Diameter bounds for $SL(2,\mathbb{Z})$-orbits of origamis in $\mathcal{H}(2)$ and the Prym loci in $\mathcal{H}(4)$ and $\mathcal{H}(6)$
Luke Jeffreys, Carlos Matheus
TL;DR
This work provides explicit diameter bounds for the SL(2,\mathbb{Z})-orbit graphs of primitive origamis in the minimal stratum \mathcal{H}(2) and extends the methodology to Prym loci in \mathcal{H}(4) and \mathcal{H}(6). Leveraging Hubert--Lelièvre's height-reduction framework and McMullen's butterfly-move theory, the authors derive a unified bound of \mathcal{O}(n^{2/3}\log n) in terms of orbit size, and further refine the analysis for Prym loci by translating the McMullen construction to Lanneau--Nguyen's Prym prototypes.

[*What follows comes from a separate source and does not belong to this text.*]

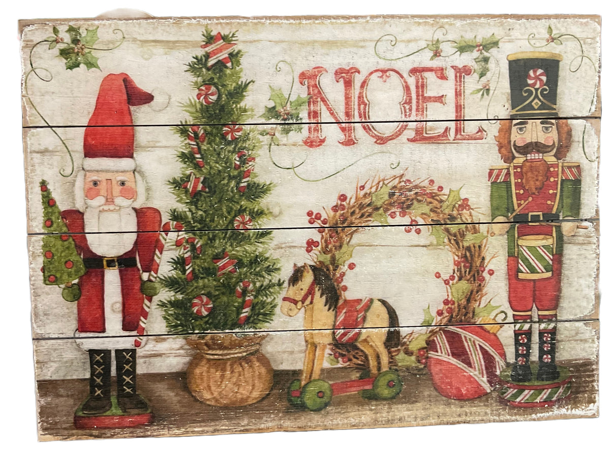 23 x 17” sign with nutcrackers, a holiday scene, and the word “Noel”

The paper provides detailed case analyses (two- to one-cylinder reductions, a,b,c-saddle decompositions, and discriminant-dependent prototype connectivity) to establish the asymptotic diameter bounds \mathcal{O}(n^{2}\log n) in several settings, while also discussing potential improvements that could drive bounds toward optimal values under conjectural hypotheses. Overall, the results connect arithmetic invariants, degeneration techniques, and explicit combinatorial moves to quantify orbit-graph diameters across genus-two and Prym-extended strata with concrete implications for the geometry of arithmetic Teichmüller curves.
Abstract
Using algorithms implicit in the classification of $SL(2,\mathbb{Z})$-orbits of primitive origamis in the stratum $\mathcal{H}(2)$ due to Hubert-Lelièvre and McMullen, we give diameter bounds on the resulting orbit graphs. Since the machinery of McMullen from $\mathcal{H}(2)$ is generalised and reused in Lanneau and Nguyen's classification of the orbits of Prym eigenforms in $\mathcal{H}(4)$ and $\mathcal{H}(6),$ we are also able to obtain diameter bounds for the orbit graphs in this setting as well. In each stratum, we obtain diameter bounds of the form $O(N^{2/3}\log N)$, where $N$ is the size of the orbit graph.